3.1.1 Computation of MC polygons

A cell might be intersected by up to four disconnected branches of the iso-surface. Therefore, we expect to obtain up to four closed MC polygons. The method implemented for this purpose returns the number of polygons, the size of each polygon, and the indices of the intersected edges. This quantities can be computed in two steps. First, the cell is processed face wise. The intersection of the iso-surface with a face is given by a segment, i.e., an edge of the MC polygon (Fig. 2). For each segment on a face, the indices of the start and end edge are computed. Segments are oriented such that vertices with function values larger than the iso-value are located to the left of the segments with respect to the face. Ambiguous cases are solved with the asymptotic decider [31]. In a second step, segments are connected to build up closed polygons. MC polygons, i.e., their size and the indices of the edges being intersected, can be encoded in a single \(64\) bit unsigned long long integer.

Fig. 5
figure 5

Positioning of vertex representatives by sampling the iso-surface branches. Samples that lie outside the cell or on a different branch are removed. The sample which is closest to the center of gravity of the MC polygon is chosen as vertex representative

3.1.2 Positioning of vertex representatives

Within a cell, a vertex is computed for each iso-surface branch. The vertex representatives are placed exactly on the iso-surface \(S_{\iota _0}\) with the iso-value \(\iota _0\) defined by Eq. (1). It must be ensured that vertex representatives are positioned on the right surface branch, otherwise the resulting mesh will be non-manifold. We find vertex representatives by sampling the iso-surface branches. Two of the three parameters \((u,v,w)\) are sampled, whereas the remaining parameter is computed from the trilinear interpolant, Eq. (2). For example, if \((u,v)\) are sampled, parameter \(w\) is:

$$\begin{aligned}&\!\! w = \frac{\iota _0 - g_1(u,v)}{g_2(u,v) - g_1(u,v)}\,, \quad \text {with} \end{aligned}$$
(3)
$$\begin{aligned}&\!\! g_1(u,v) = f_0 (1-u)(1-v) + f_1 u(1-v) \nonumber \\&\qquad + f_2 (1-u)v + f_3 uv\,, \quad \text {and} \nonumber \\&\!\! g_2(u,v) = f_4 (1-u)(1-v) + f_5 u(1-v) \nonumber \\&\qquad + f_6 (1-u)v + f_7 uv. \end{aligned}$$
(4)

Similar equations are obtained if \((u,w)\) or \((v,w)\) are sampled. Using the right parameters for sampling is of importance for stability. We choose as sampling space the two parameters where the MC polygon has the largest projection. Furthermore, we restrict the parameter space to the bounding box of the MC polygon, e.g., \([u_{\mathrm{min}},u_{\mathrm{max}}] \times [v_{\mathrm{min}},v_{\mathrm{max}}]\). If a sample lies outside of the cell, e.g., \(w < 0\) or \(w > 1\), it is discarded. Finally, the sample which is closest to the center of gravity of the MC polygon is chosen as vertex representative. Figure 5 shows the sampling process for a cell with three branches.

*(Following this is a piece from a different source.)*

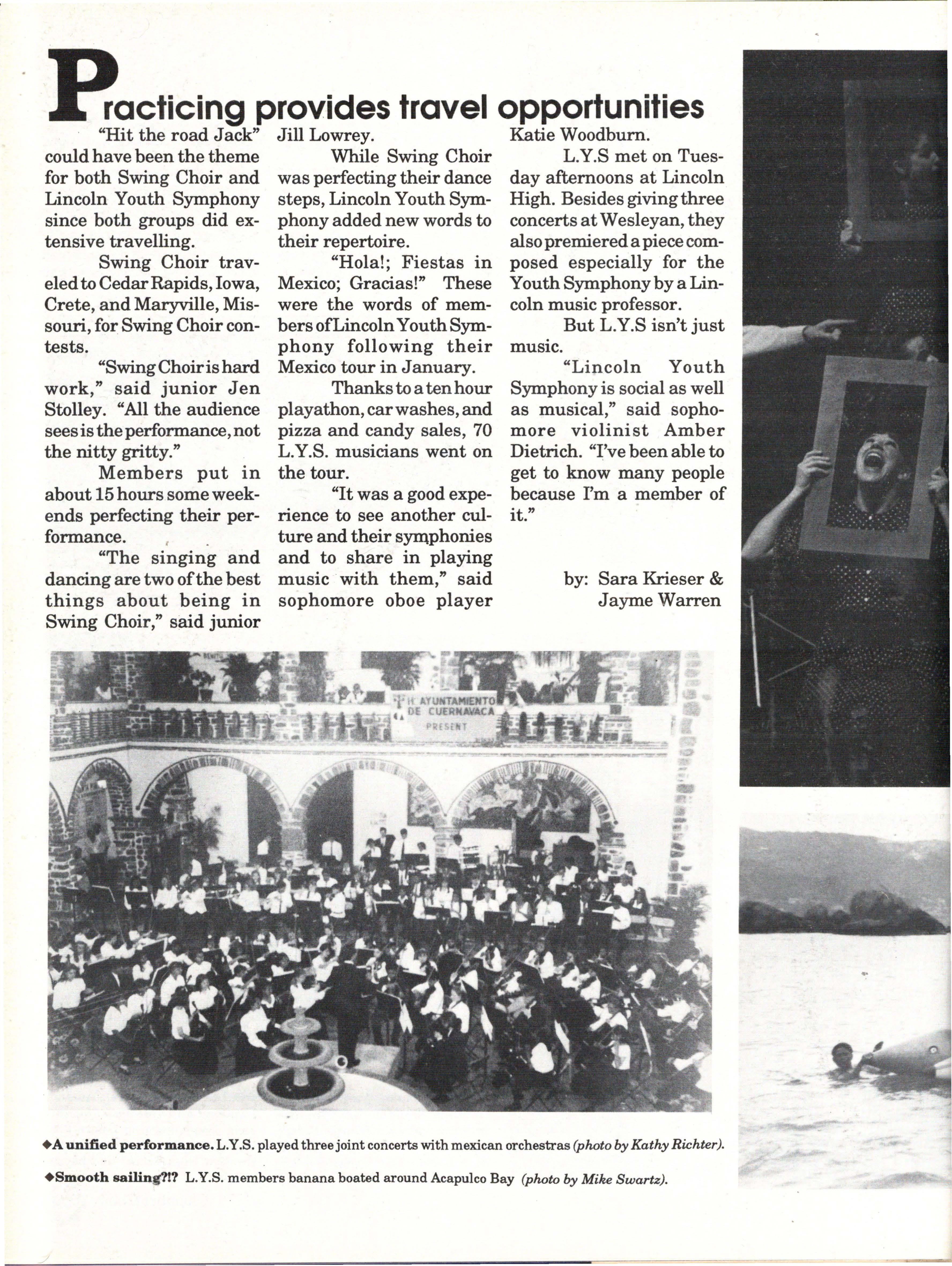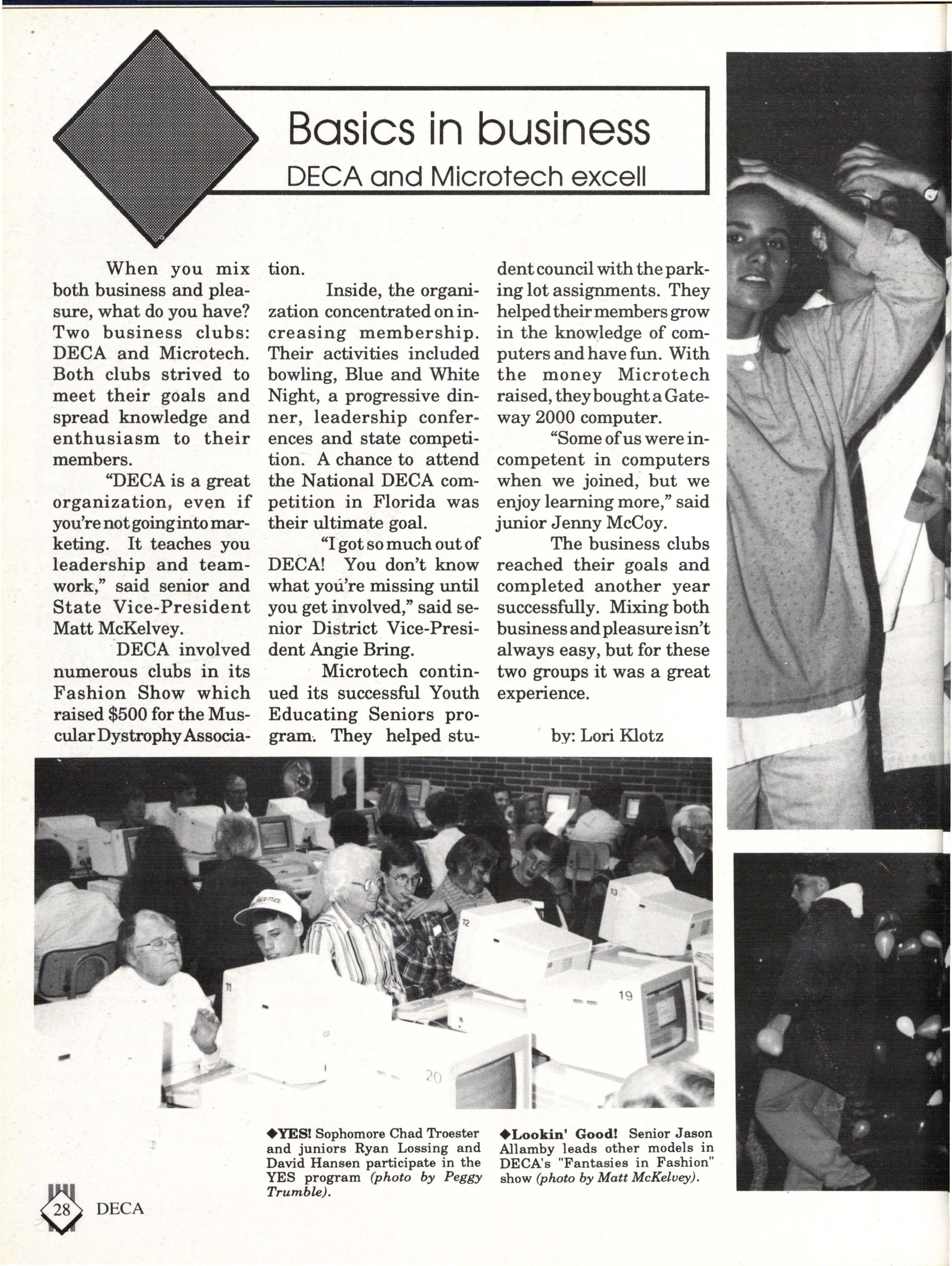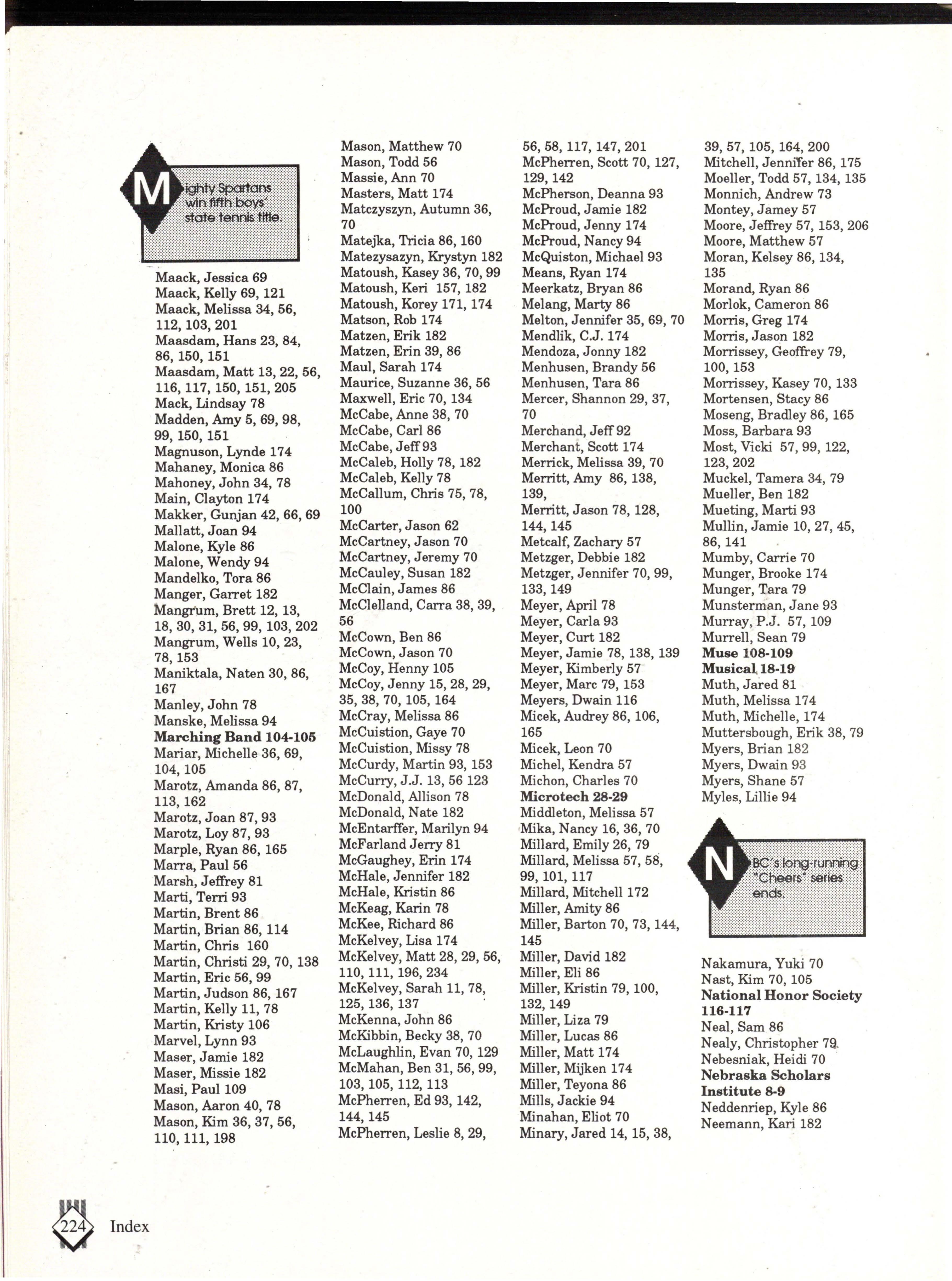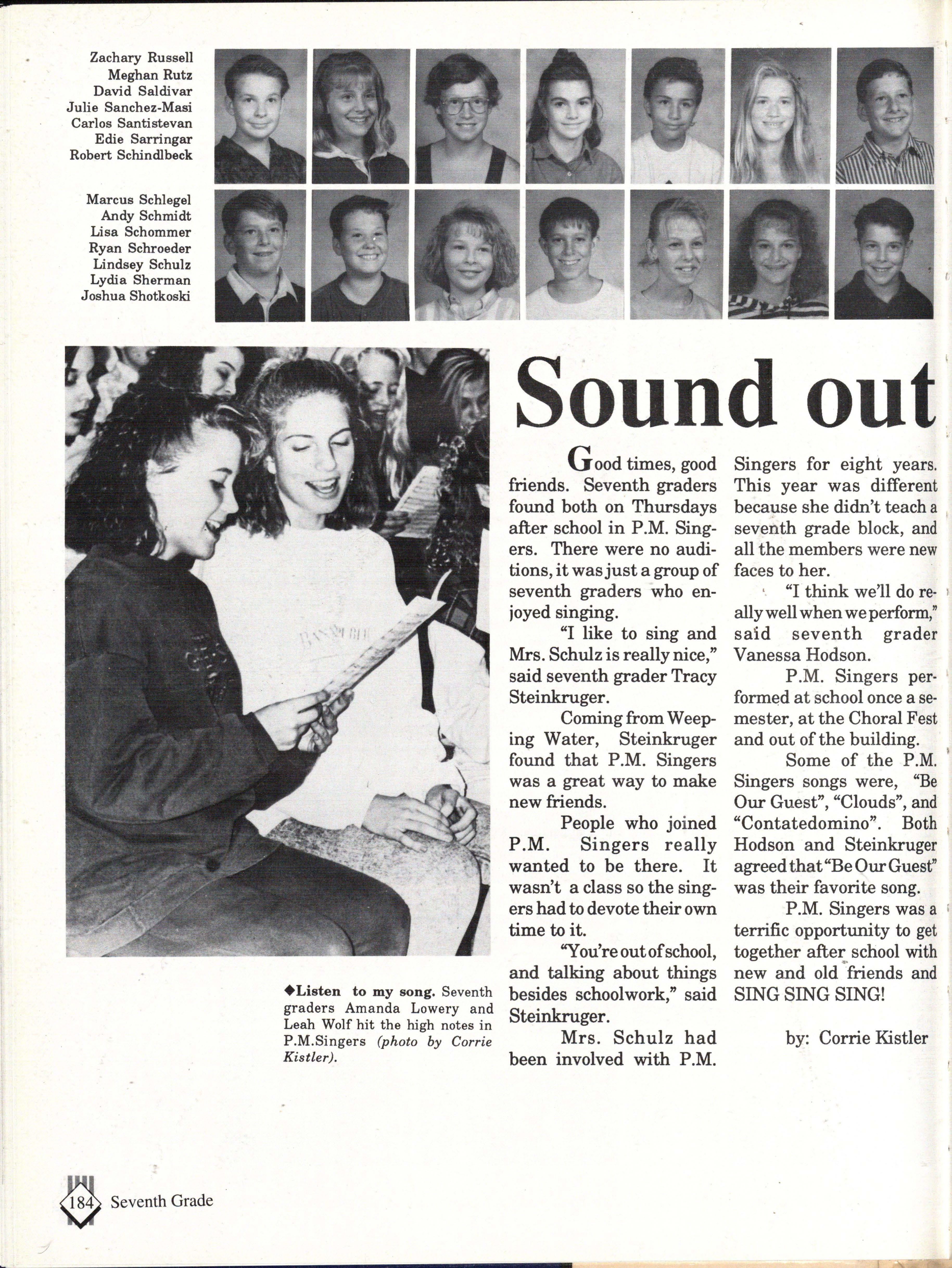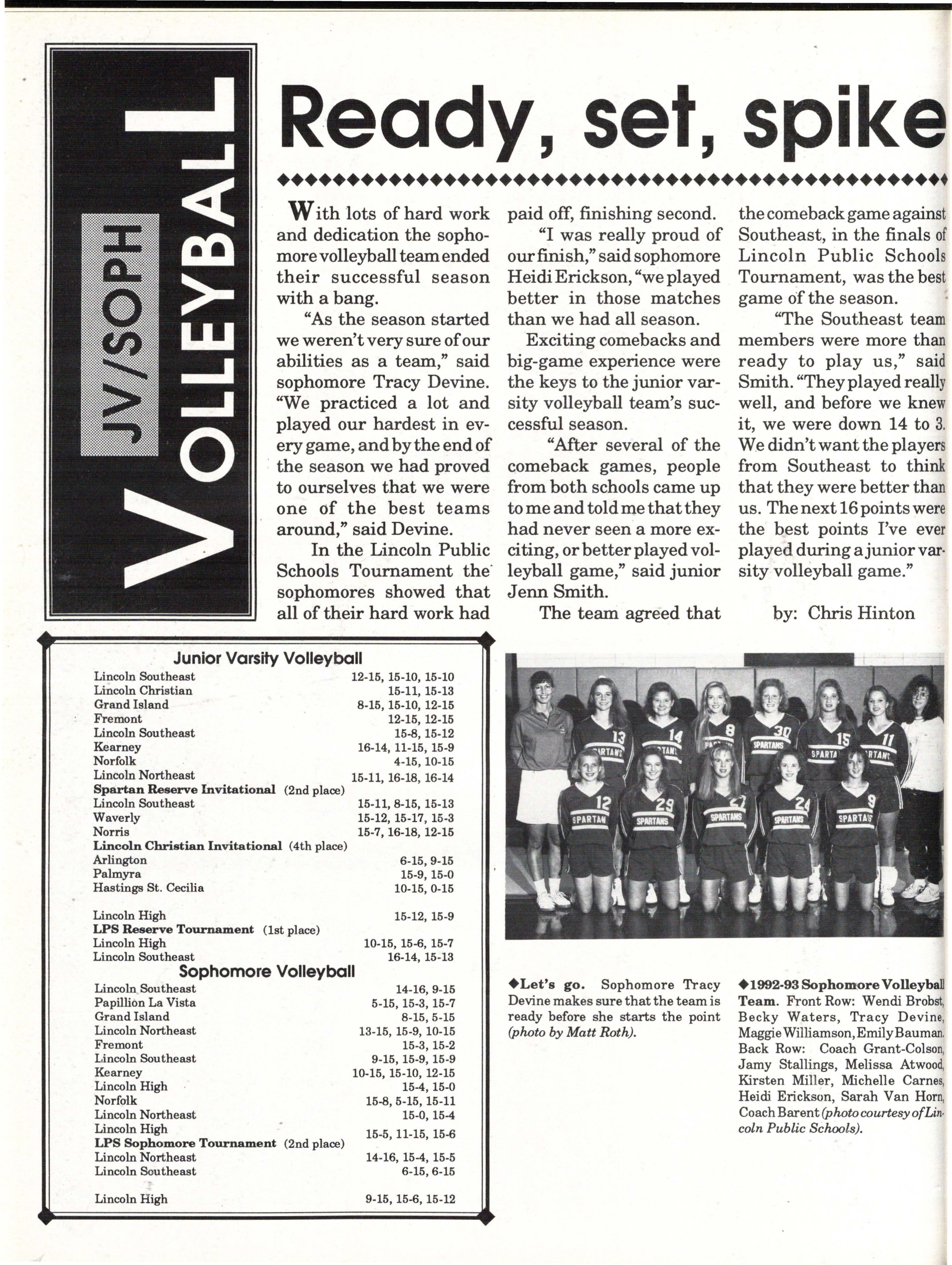 The students were very involved. Many play sports an:d are involved in clubs. Their spirit and dedication were matched bynoone. Thetennisteam won their fifth state tennis title while the varsity volleyball team won the silver pool in a national tournament. SeniorsNateBieck, Addie. Reed, Mike Robb, Erin Ann Scott; juniors Jill Loweery, Vicki Geiser, Matt Krohn and Megan Zeece made NMEA AllState Chorus.

The set of sampling points can be further restricted to ensure that the vertex representative is placed on the right branch. We use the bounding boxes of the branches to assure that samples are placed on the correct branch. If there are several branches within a cell, only one of them can intersect more than three edges [16]. There is only one exception, which is when two branches intersect four edges each. If a branch intersects three edges, the sample which is closest to the center of gravity of the MC polygon is on this branch (Fig. 5). For more complex configurations, we discard all samples within the bounding boxes of other branches. Thus, we ensure that samples are only considered when they are on the correct branch.

Theoretically, one could construct a case where two bounding boxes almost completely overlap. In that case, we would need a very fine sampling to find positions which are not within the bounding box of another branch. We use a size \(7 \times 7\) set of samples. If we do not find any valid position, we try again with a size \(25 \times 25\) set of samples. If this also does not deliver a valid position, we use the center of gravity of the MC polygon. However, this fall-back was never required in any of our tests.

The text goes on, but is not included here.